From your results, I see that for $\lambda = 0.1$, the RQR loss sometimes leads to miscoverage but also has a smaller interval width. To me, these results point more to the fact that $\lambda = 0.1$ is not as well chosen as e.g. $\lambda = 0.5$ for OpiGNN's objective.
Especially on real datasets (comparing with OpiGNN
), I also do not see the clear-cut consistent advantage of your loss function: on Chameleon, Squirrel, Income, (almost) Election, and Education, the RQR loss produces the favorable result.
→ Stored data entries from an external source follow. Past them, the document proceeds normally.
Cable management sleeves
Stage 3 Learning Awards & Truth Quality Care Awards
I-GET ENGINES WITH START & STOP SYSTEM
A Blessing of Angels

### Baselines at different coverage
Thank you for this insightful additional evaluation. For SQR, the case is pretty clear that this method fails consistently under different coverage requirements, and I agree with the collapse on heterophilic data.
For RQR, the case seems less clear: While still the desired coverage is consistently not met, setting the coverage requirement to 95%, the results compare favorably to OpiGNN at a requirement of 90%.
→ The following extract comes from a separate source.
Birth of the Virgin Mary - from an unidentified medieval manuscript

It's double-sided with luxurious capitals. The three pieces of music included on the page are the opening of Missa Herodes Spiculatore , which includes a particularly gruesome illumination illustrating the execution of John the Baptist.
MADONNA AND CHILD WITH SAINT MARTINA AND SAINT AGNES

I still want to clarify that I believe this is problematic: RQR seems to undercover, while OpiGNN overcovers. But, in practice, I could just set the requirement for RQR to 95% to obtain tighter intervals at a coverage of 90%. Again, my point here is that from a Pareto-optimal perspective, neither OpiGNN nor RQR outperforms the other. Arguably, RQR's failure mode is more severe in practice, however.
I believe that it is valuable to have a model that at least ensures coverage consistently (even at too large intervals), but I believe this perspective needs to be highlighted in the paper to fully understand where OpiGNN lies in the literature.
### Baseline Penalty
Thank you for that evaluation. It seems that, similar to OpiGNN, RQR is more or less insensitive to the penalty magnitude. Put differently, both models do not allow to smoothly control the trade-off between coverage and interval width through the penalty term.
This potentially reveals an interesting problem in UQ for regression on graphs.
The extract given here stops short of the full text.